> TASK DATA:

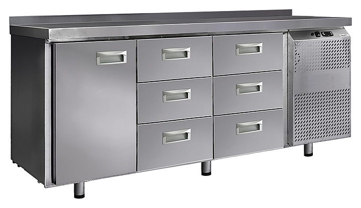 Морозильный стол Finist НХС-600-1/4 предназначен для хранения предварительно замороженных пищевых продуктов на предприятиях общественного питания и торговли. Модель оснащена расположенным сбоку агрегатным отсеком, столешницей с задним бортом, холодильной камерой с распашной дверцей, 4 выдвижными ящиками, устойчивыми ножками с подпятниками, кабелем питания с евровилкой и кнопочной панелью управления с цифровым дисплеем. Цельнозаливной корпус выполнен из высококачественной нержавеющей стали. Особенности:
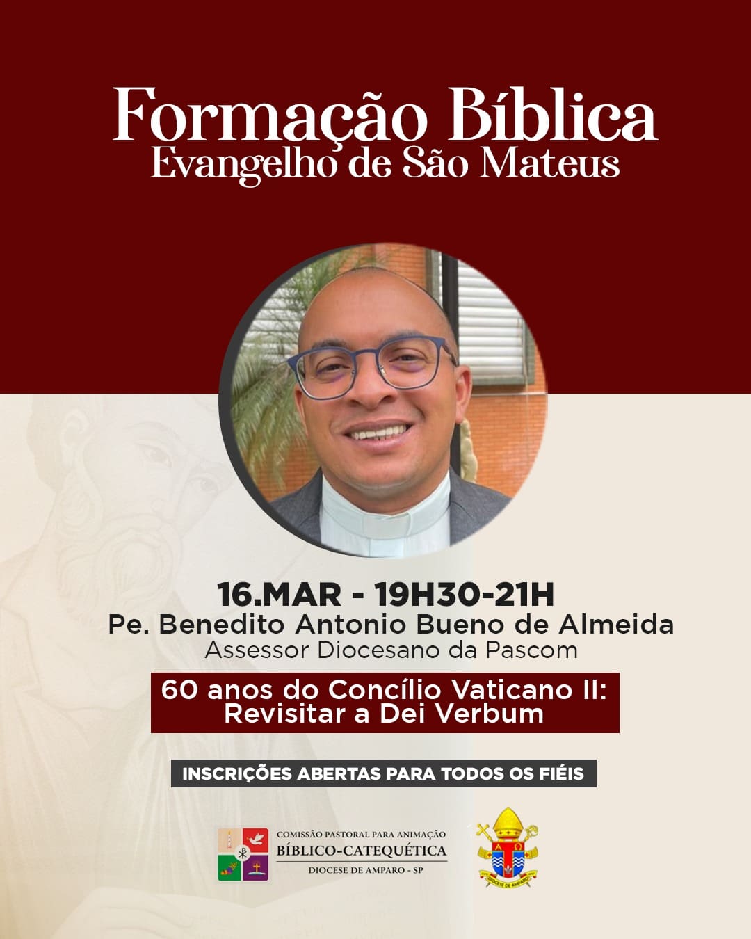 16 de março | 19h30 às 21h Tema: 60 anos do Concílio Vaticano II: Revisitar a Dei Verbum Pe. Benedito A. Bueno Assessor Diocesano da PASCOM
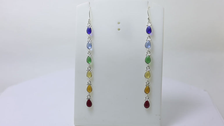 彩虹宝石水滴耳环 | 925纯银 | 女士款
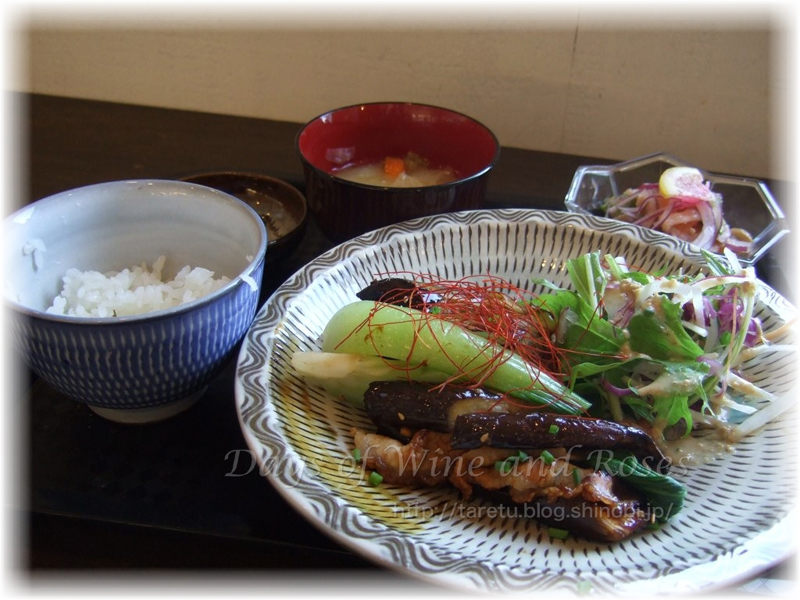 初めてなので、定番とも言える日替わり定食お願いしました。本日のメインはなすの肉詰め。
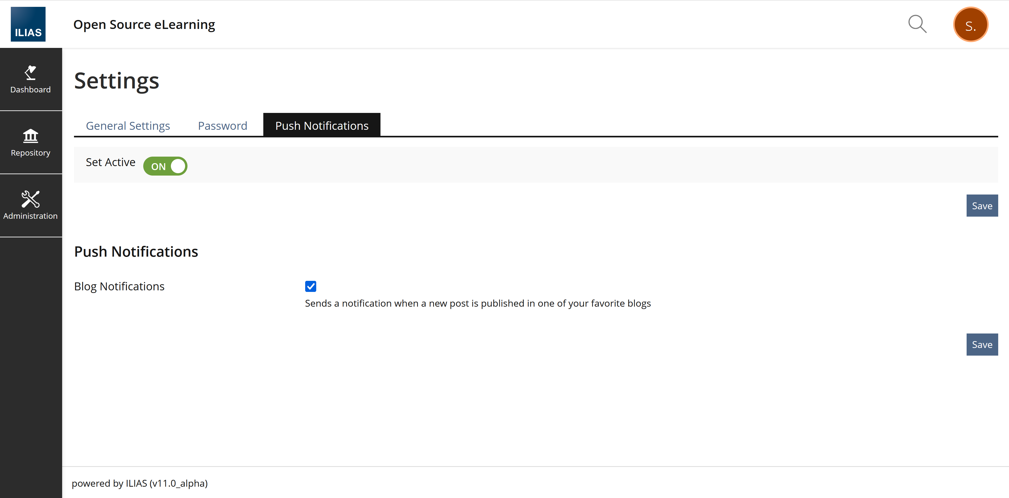 - Personal Settings / Push-Notifications

> EXERCISE BRIEF:
Your task is to reproduce exactly the lines from the one with "16 de março" to the end of the material, both included, with the pictures left out.

> RESPONSE TO THE TASK:
 16 de março | 19h30 às 21h Tema: 60 anos do Concílio Vaticano II: Revisitar a Dei Verbum Pe. Benedito A. Bueno Assessor Diocesano da PASCOM
 彩虹宝石水滴耳环 | 925纯银 | 女士款
 初めてなので、定番とも言える日替わり定食お願いしました。本日のメインはなすの肉詰め。
 - Personal Settings / Push-Notifications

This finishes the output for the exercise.